→ **The data**
┌──

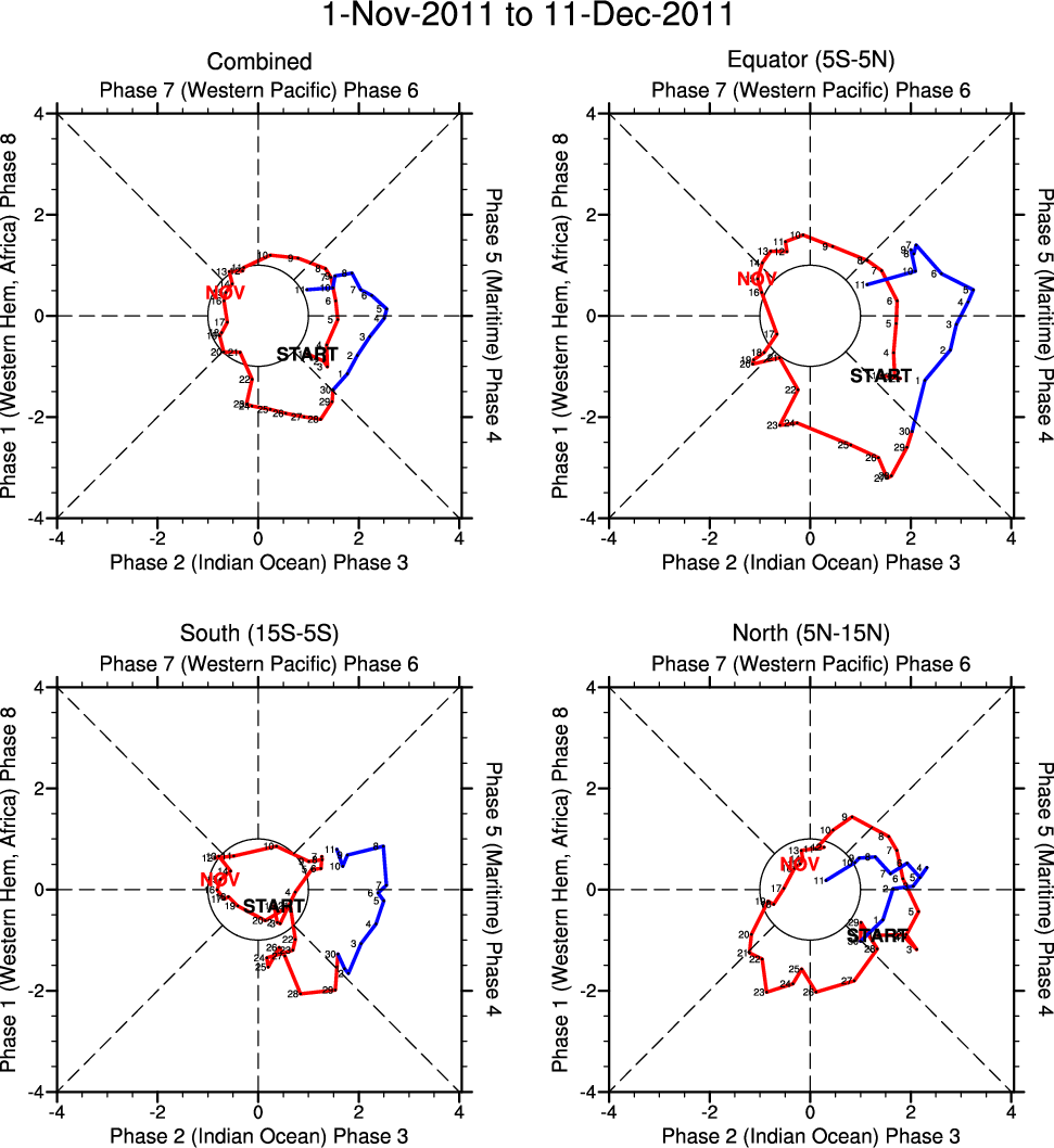 Wheeler and Hendon (2004) constructed the RMM index for monitoring the MJO. This index consists of the first two principal components (PCs) of OLR, 850-hPa zonal wind, and 200-hPa zonal wind averaged 15S-15N.
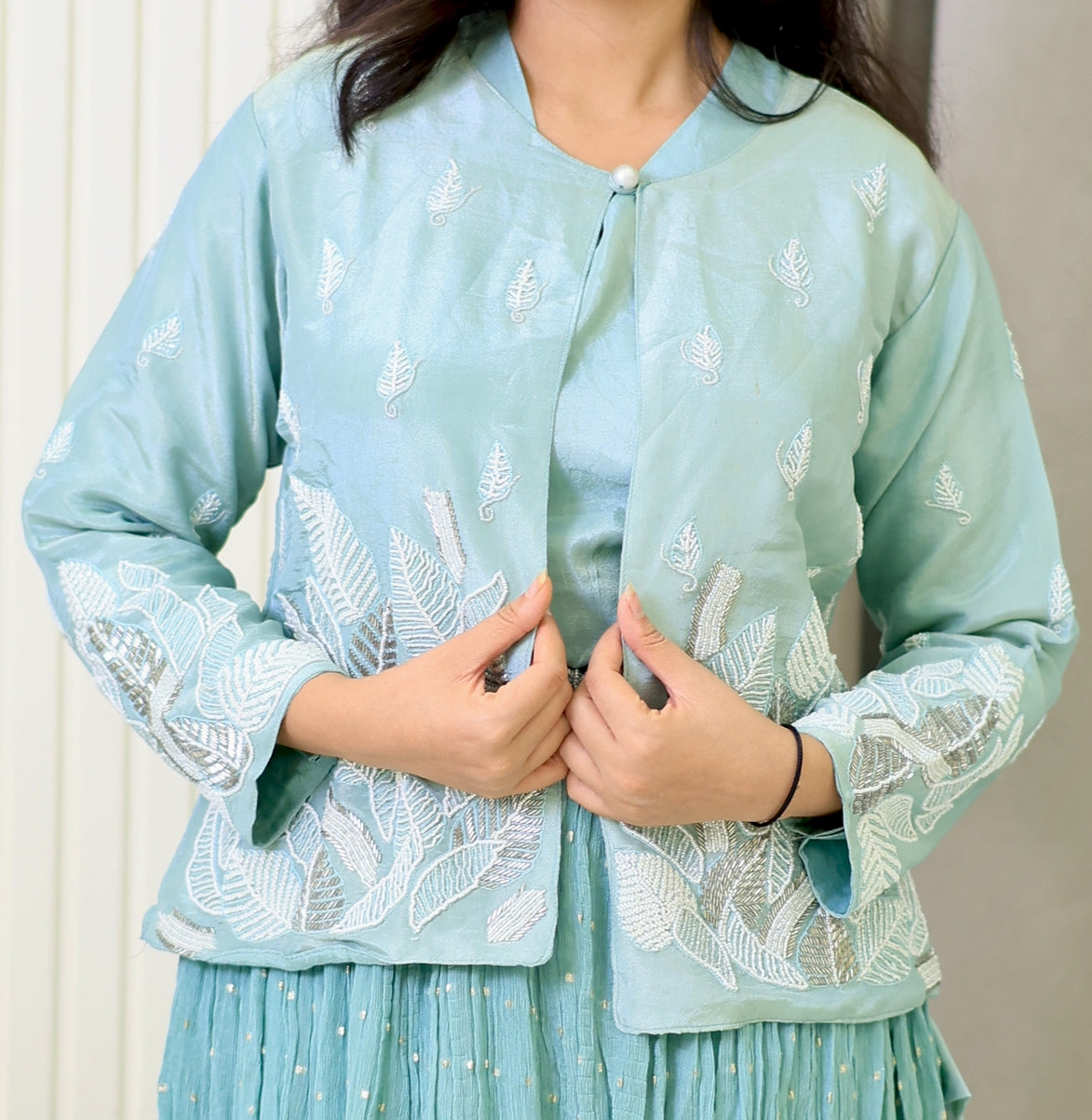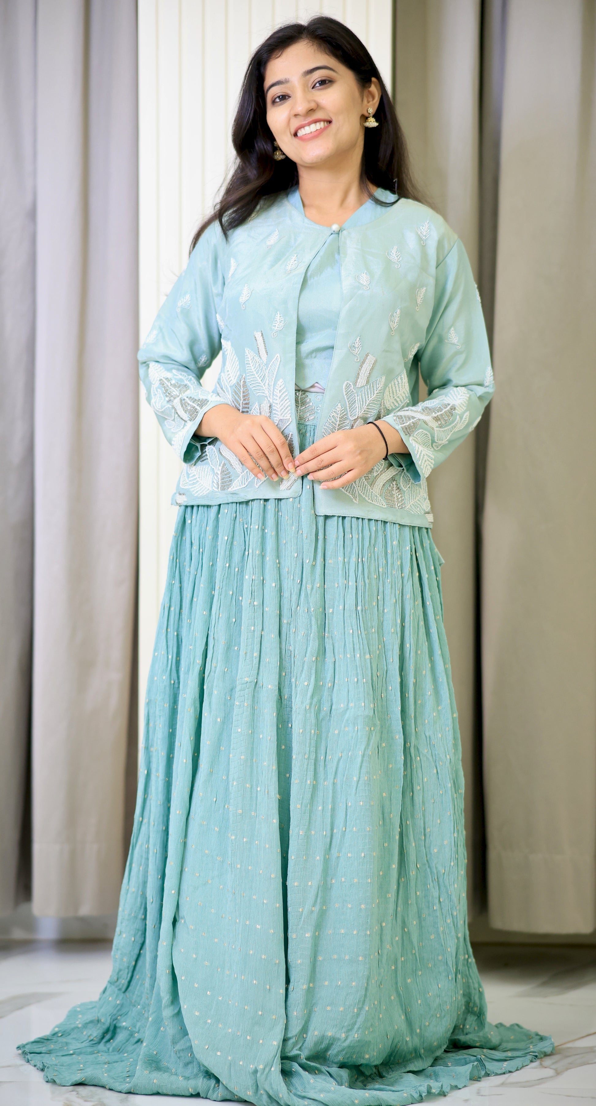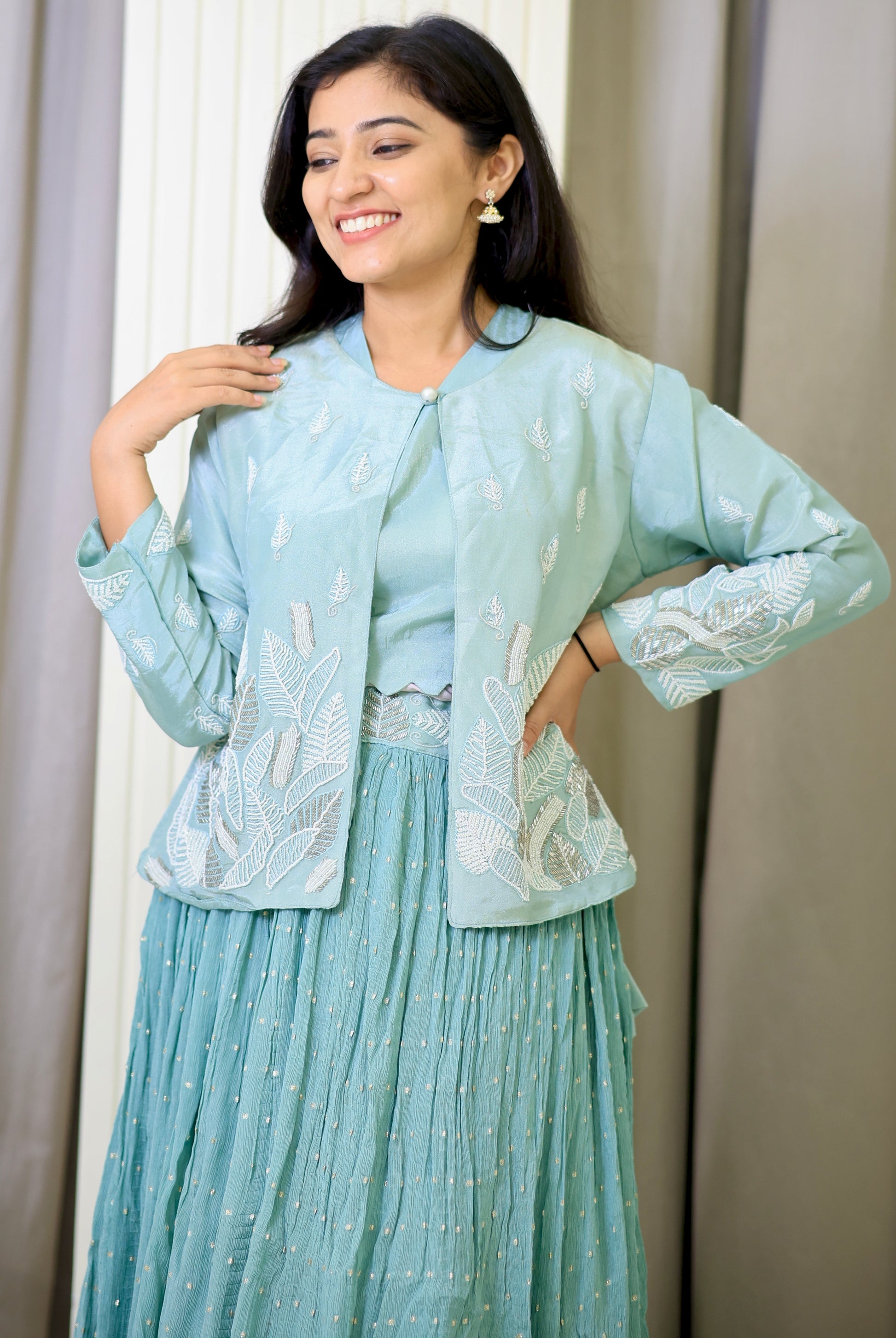 This green partywear crop top combines vibrant color with a stylish cut, perfect for making a confident statement at any event. Designed to offer a flattering fit, it pairs effortlessly with high-waisted skirts or trousers, enhancing your silhouette while ensuring comfort throughout the evening. Ideal for those seeking a chic and contemporary look, this crop top elevates your party wardrobe with its expert blend of fashion and function.
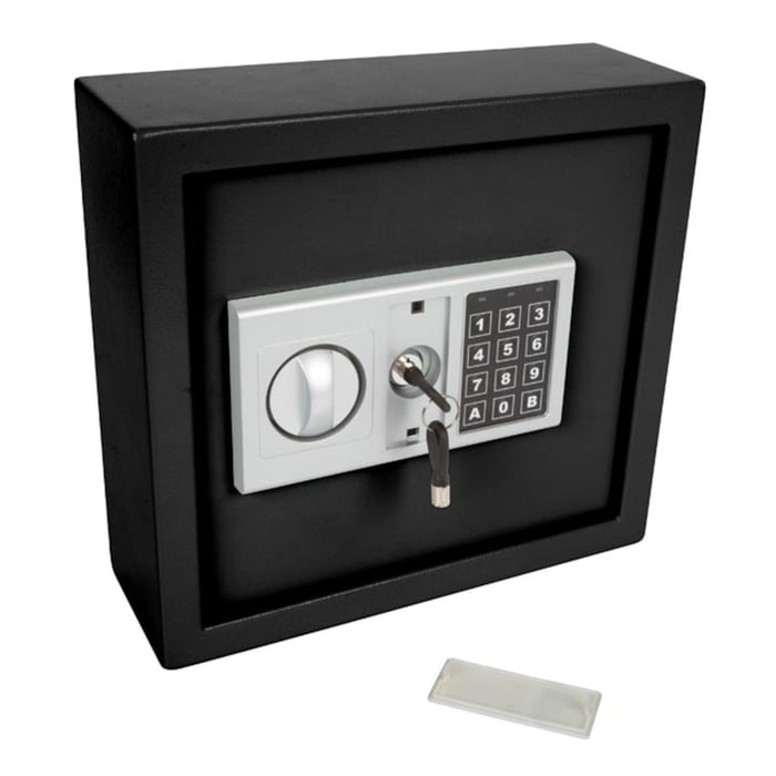 Sikkerhetsskap i metall for nøkler. Kodelås med kode på 3 til 8 sifre. Kan også åpnes med nøkkel hvis koden glemmes eller batteriene tar slutt. Inkluderer nøkkelringer og nøkkelbrikker i ulike farger. Justerbare nøkkelkroker som holder opptil 30 nøkkelringer. Leveres med bolter for montering på vegg. Drives av 4x AA-batterier (følger ikke med). Ytre mål: 280x300x100 mm. Vekt: 4,5 kg

└──

→ **What you have to do**
Apart from the images, retype the full material exactly as written.

→ **Task response**
 Wheeler and Hendon (2004) constructed the RMM index for monitoring the MJO. This index consists of the first two principal components (PCs) of OLR, 850-hPa zonal wind, and 200-hPa zonal wind averaged 15S-15N.
 This green partywear crop top combines vibrant color with a stylish cut, perfect for making a confident statement at any event. Designed to offer a flattering fit, it pairs effortlessly with high-waisted skirts or trousers, enhancing your silhouette while ensuring comfort throughout the evening. Ideal for those seeking a chic and contemporary look, this crop top elevates your party wardrobe with its expert blend of fashion and function.
 Sikkerhetsskap i metall for nøkler. Kodelås med kode på 3 til 8 sifre. Kan også åpnes med nøkkel hvis koden glemmes eller batteriene tar slutt. Inkluderer nøkkelringer og nøkkelbrikker i ulike farger. Justerbare nøkkelkroker som holder opptil 30 nøkkelringer. Leveres med bolter for montering på vegg. Drives av 4x AA-batterier (følger ikke med). Ytre mål: 280x300x100 mm. Vekt: 4,5 kg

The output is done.